Segment Start: Collected material
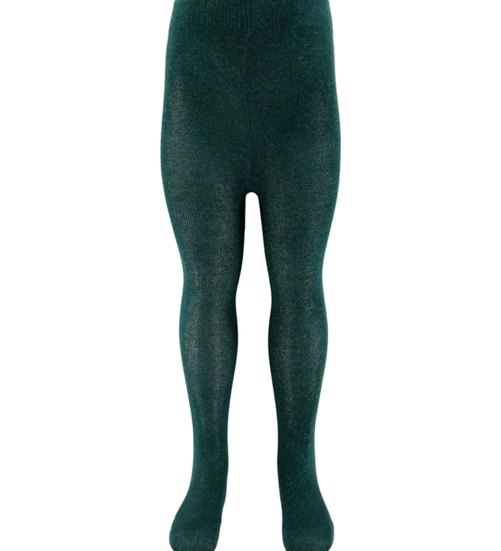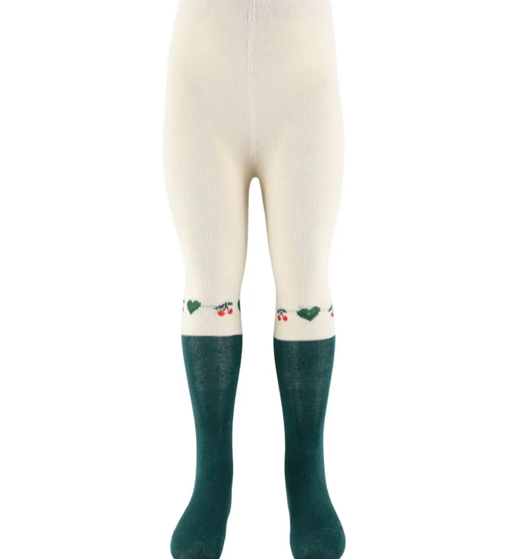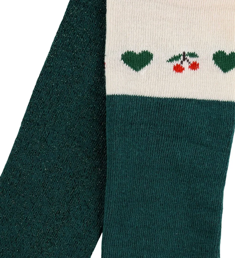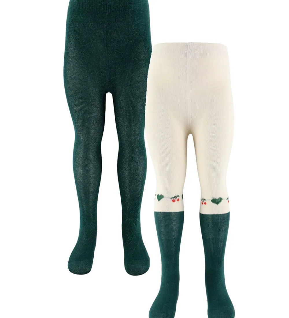 Stilfulde Konges Sløjd strømpebukser i en 2-pak. Strømpebukserne består af et par i mørkegrøn med glimmer og et i hvid med dekorative små grønne og røde detaljer. Begge par har en fin elastisk talje for en optimal pasform.
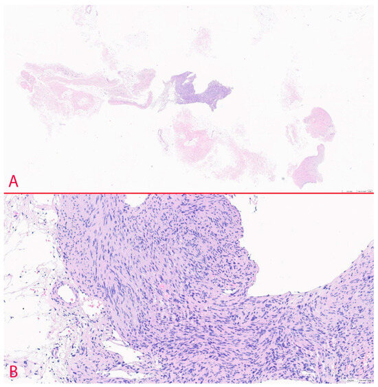 Histology of the specimens. (A)—CNB specimens (×5; H&E staining), (B)—CNB histology (×20 H&E staining).
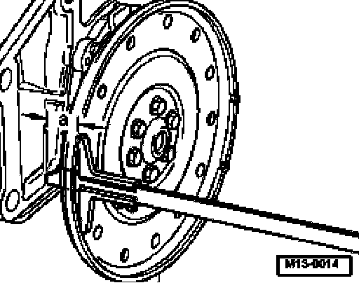Note: Measure through a hole in the drive plate to the machined surface of the engine block.
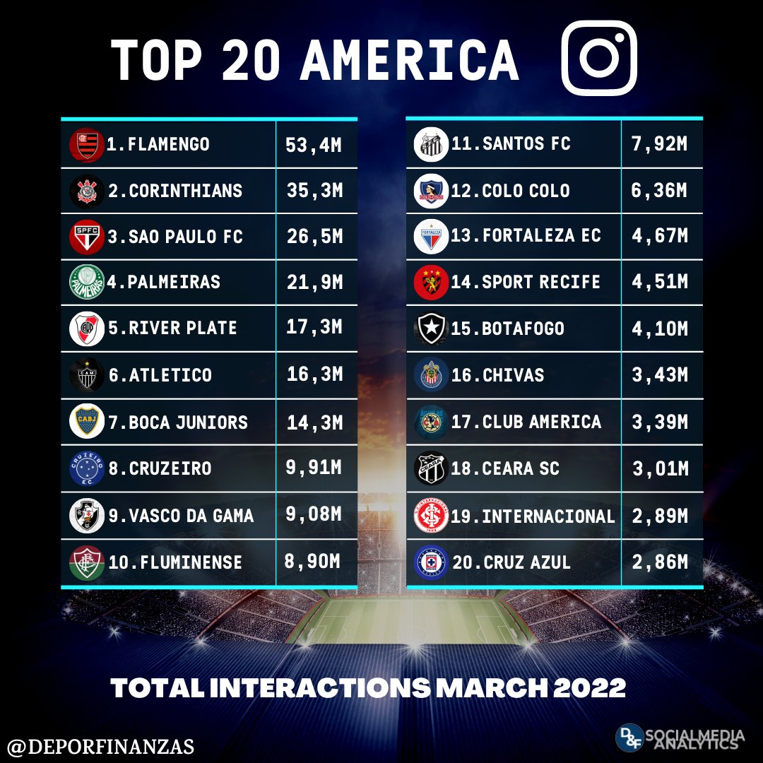 📲⚽¡Los 20 clubes de América con más interacciones en #instagram durante marzo 2022!💙💬
Segment End: Collected material
## [Your instructions]
Here the job is to copy the listing above word for word, starting at the line with "Histology of the" and ending at the line with "Note: Measure through", and to leave out the pictures.

## [Exercise response]
 Histology of the specimens. (A)—CNB specimens (×5; H&E staining), (B)—CNB histology (×20 H&E staining).
Note: Measure through a hole in the drive plate to the machined surface of the engine block.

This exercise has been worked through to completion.